Yes, this is all pretty much spot on - the NFS stuff is *definitely*
wrong as MJE points out: those "1026:users" entries are sure signs of
incorrect permissions. So for the moment, completely abandon the NFS
stuff: it's broken, full stop. I've already pointed out that fstab
stanza is a big fat mess with mutually contradictory options
specified... But one thing at a time, or we'll never fix anything.
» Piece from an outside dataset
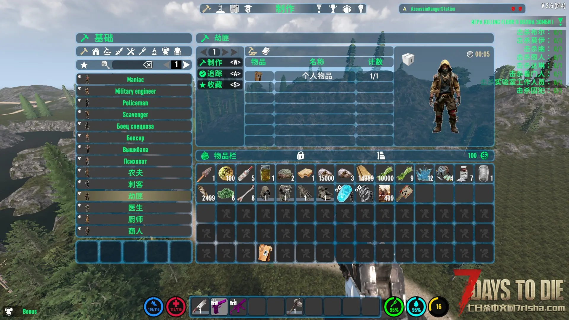 25个独特的玩家职业:在交易者的入门任务之后,选择一个末世前的背景(例如,汽车修理工、刺客、医生、狙击手、农民等)。
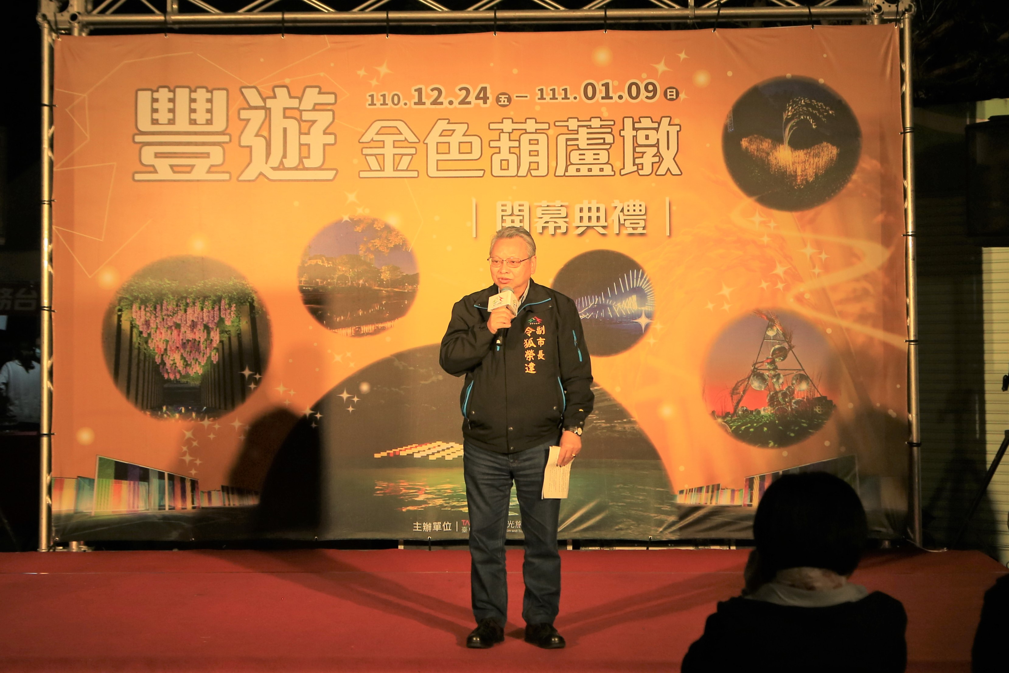 「全城亮起來!」令狐副市長指出,從耶誕節、新年元旦、農曆春節到元宵節這一段時間,市府各局處團隊一起努力,在都會區、屯區、海線、山城都有佈展裝置藝術燈飾,讓大家覺得有溫馨幸福的感覺。豐原的葫蘆墩公園是台中市最大的河濱公園,在花博時期曾做過展覽場,此次觀旅局舉辦「金色葫蘆墩」光藝術展演,在第四區跟第五區共有八座的藝術燈飾,河岸美麗的裝置,配合上光影、光環境、音樂以及無人機的展演,「非常有看頭」。

Also correct: the chown command failed on the copy of "Main" folder in
your example, presumably due to permissions *again* which is odd 'cos I
thought you'd already chmod'd them 777 previously. You should have
reissued it with sudo instead of as root because then the $USER variable
would have been properly evaluated, but that was my fault for not being
clearer. So, when you get the chance grab a terminal and head back to
the same spot.

So, presuming that you are julian:julian (user:group), have sudo access
and are back in the arbitrary folder/path "Word" do the following:

sudo chmod -R 777 Main
sudo chown -R julian:julian Main
sudo cp -avr Main ~/Desktop/
cd ~/Desktop/Main
ls -alh

This is using brute force and is hardly elegant, but hey Â\_(ã)_/Â

It will set full permissions (read/write/execute) to ON for
user/group/others (so everyone basically), change the owner and group to
UID julian and GID julian (which should be completely redundant
following a 777 but whatever), recursively copy (with sudo, again
redundant) the entire Main folder whilst preserving all of it's
attributes to the Desktop and finally cd to it and dump out the listing
in long format. Paste the output of the final command - there won't be
any errors this time, and if there are, we have serious problems.
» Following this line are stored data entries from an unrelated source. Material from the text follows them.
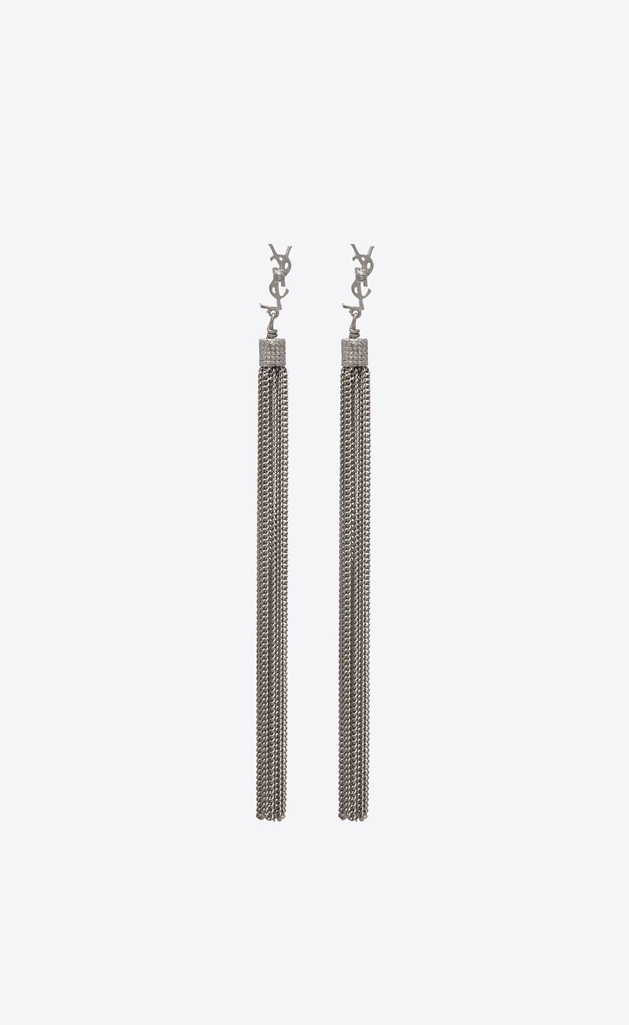 post earrings with hammered CASSANDRE and brass metal chain tassels.
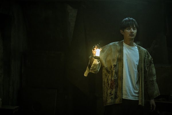 (照片:天予電影提供/張軒睿反轉以往陽光形象,蓄鬍且少年白頭,一身充滿宗教風格的服裝,化身通靈驅魔人阿生)
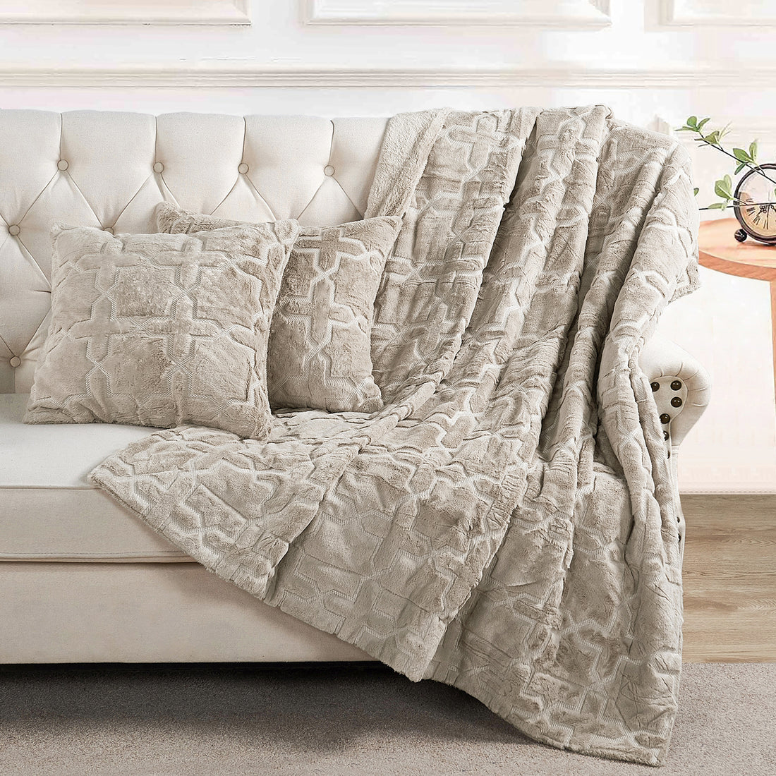 Tip Printing Light Faux Fur Throw/Pillow Cover/Ottoman 4 Piece SetTip Printing Light Faux Fur Throw/Pillow Cover/Ottoman 4 Piece Set- Regular price
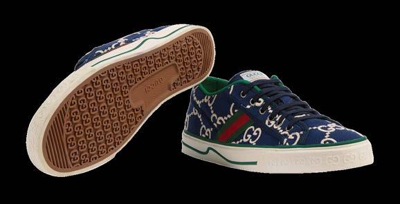 Estos tenis se han fabricado con algodón elástico en azul y marfil con el monograma de la firma. Su diseño combina varios elementos del legado de Gucci, como la etiqueta Tennis 1977, un motivo GG texturizado en la suela y la tribanda. Se trata de detalles que evocan la conexión de la marca con el mundo del deporte y el ocio.
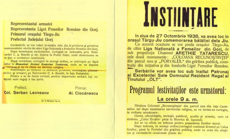 În dorinţa de a contribui cât de mult la ridicarea oraşului Târgu-Jiu şi mai ales pentru a preamări memoria eroilor gorjeni cari s-au jertfit în răsboiul de întregire, Liga Naţională a Femeilor Gorjene vă aduce la cunoştinţă că a hotărât să dăruiască oraşului o Coloană şi un Portal de piatră – opere ale marelui sculptor Brâncuşi, care în chipul acesta aduce un prinos de recunoştinţă judeţului său natal.

You should see all your files now owned by julian:julian and with
permissions rwxrwxrwx for all entries except directories which will be
drwxrwxrwx. Browse to it with a Nautilus/Thunar/whatever file viewer and
everything should look fine as well. More importantly, you should now
probably be able to open the files in LibreOffice writer and edit them
as usual.

I say "probably" because there are still things that may be preventing
this: the OpenOffice > LibreOffice switch, the presence of temporary or
stale lock files or a default save setting in OpenOffice that was
somehow exporting files in a protected mode. But at least the stale/temp
files thing will be immediately obvious from the output of the final "ls
-alh" and the other issues can be dealt with one at a time.

See how you get on with that for now.